Data provided:
══════
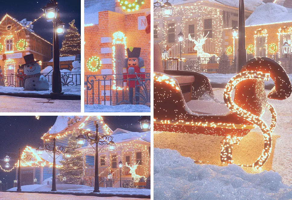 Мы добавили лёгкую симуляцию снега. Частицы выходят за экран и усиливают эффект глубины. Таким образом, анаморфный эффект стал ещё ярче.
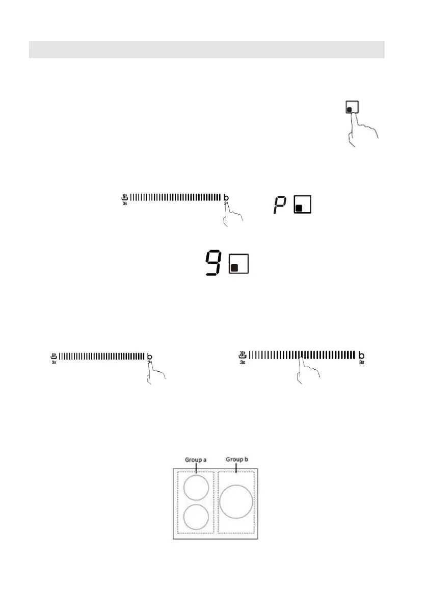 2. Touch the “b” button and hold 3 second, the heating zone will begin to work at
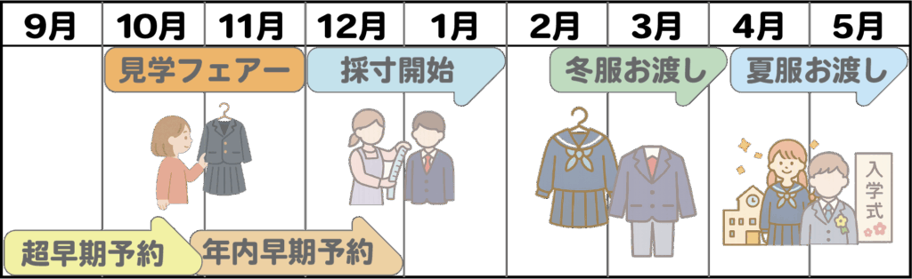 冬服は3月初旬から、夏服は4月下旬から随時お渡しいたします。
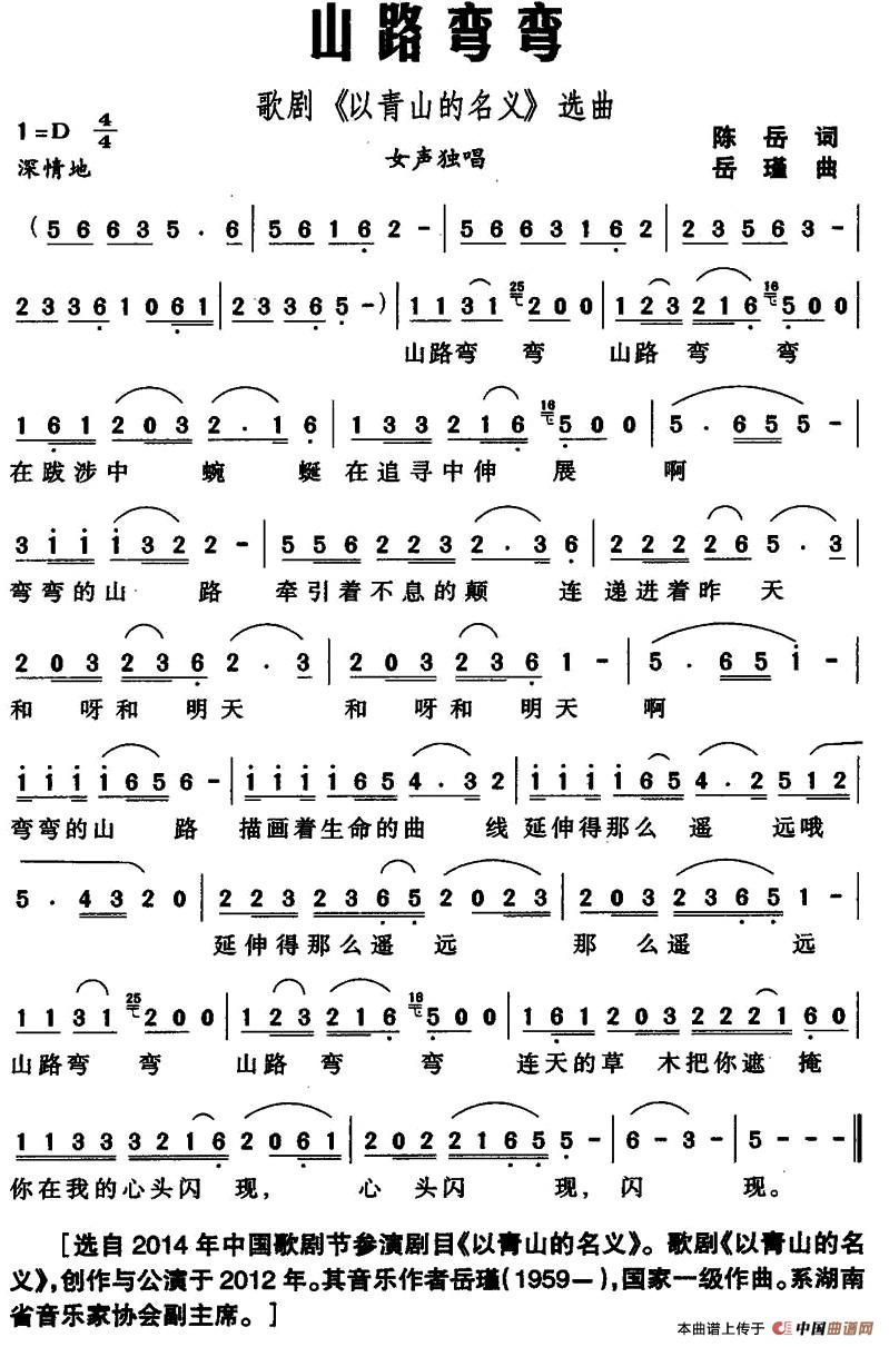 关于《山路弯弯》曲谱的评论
══════
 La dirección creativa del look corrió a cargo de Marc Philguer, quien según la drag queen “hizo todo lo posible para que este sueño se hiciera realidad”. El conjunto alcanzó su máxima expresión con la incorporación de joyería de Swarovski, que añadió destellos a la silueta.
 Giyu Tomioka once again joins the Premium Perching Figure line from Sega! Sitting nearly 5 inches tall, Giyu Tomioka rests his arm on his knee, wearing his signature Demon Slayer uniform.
══════
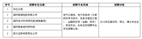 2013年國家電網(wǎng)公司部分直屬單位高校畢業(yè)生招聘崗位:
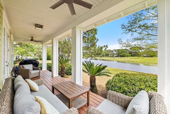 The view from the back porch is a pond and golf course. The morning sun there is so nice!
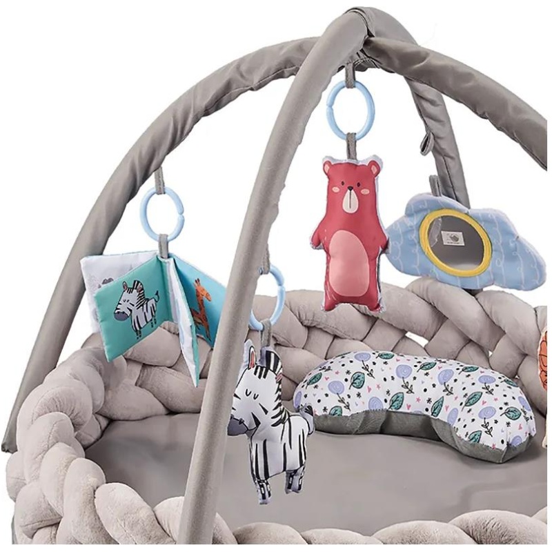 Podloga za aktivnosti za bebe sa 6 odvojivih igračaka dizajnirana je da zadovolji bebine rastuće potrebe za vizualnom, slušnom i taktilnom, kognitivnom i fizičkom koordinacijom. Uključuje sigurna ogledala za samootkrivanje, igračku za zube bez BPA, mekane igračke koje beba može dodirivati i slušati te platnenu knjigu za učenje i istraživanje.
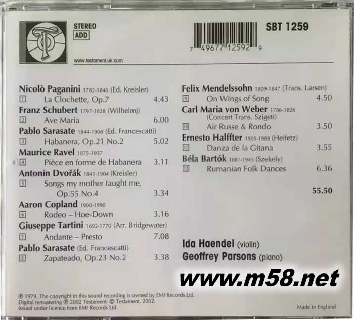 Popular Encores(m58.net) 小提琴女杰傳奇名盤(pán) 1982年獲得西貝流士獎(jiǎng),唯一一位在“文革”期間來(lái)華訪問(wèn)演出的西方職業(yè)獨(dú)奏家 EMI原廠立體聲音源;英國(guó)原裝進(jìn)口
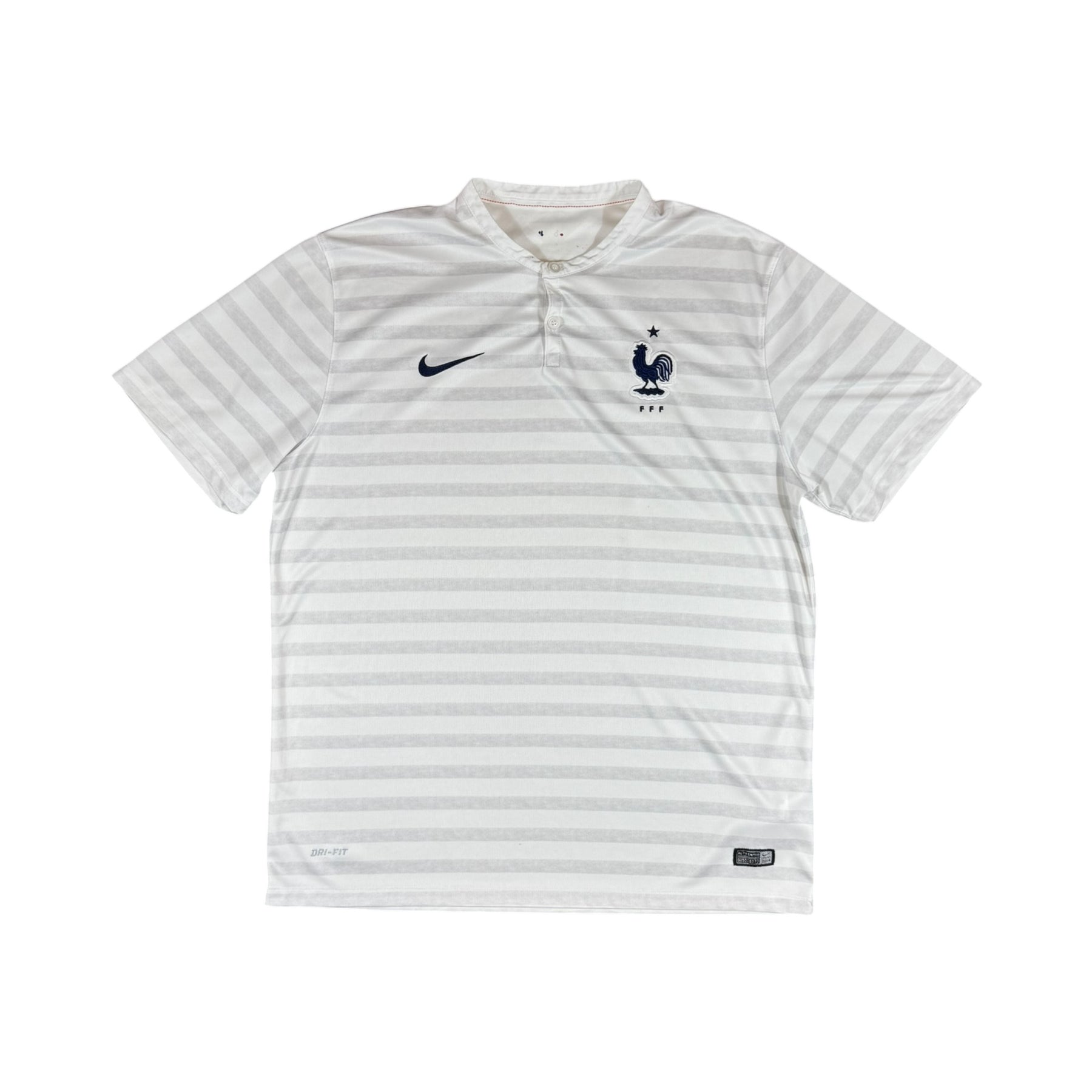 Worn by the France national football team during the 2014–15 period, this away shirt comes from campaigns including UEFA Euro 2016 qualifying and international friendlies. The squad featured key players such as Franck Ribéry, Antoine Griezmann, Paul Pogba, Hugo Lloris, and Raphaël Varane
══════
Exercise directions: Using the data above, copy exactly the lines from the one containing "Мы добавили лёгкую" to the one containing "关于《山路弯弯》曲谱的评论", inclusive. Exclude the pictures.

Solution:
 Мы добавили лёгкую симуляцию снега. Частицы выходят за экран и усиливают эффект глубины. Таким образом, анаморфный эффект стал ещё ярче.
 2. Touch the “b” button and hold 3 second, the heating zone will begin to work at
 冬服は3月初旬から、夏服は4月下旬から随時お渡しいたします。
 关于《山路弯弯》曲谱的评论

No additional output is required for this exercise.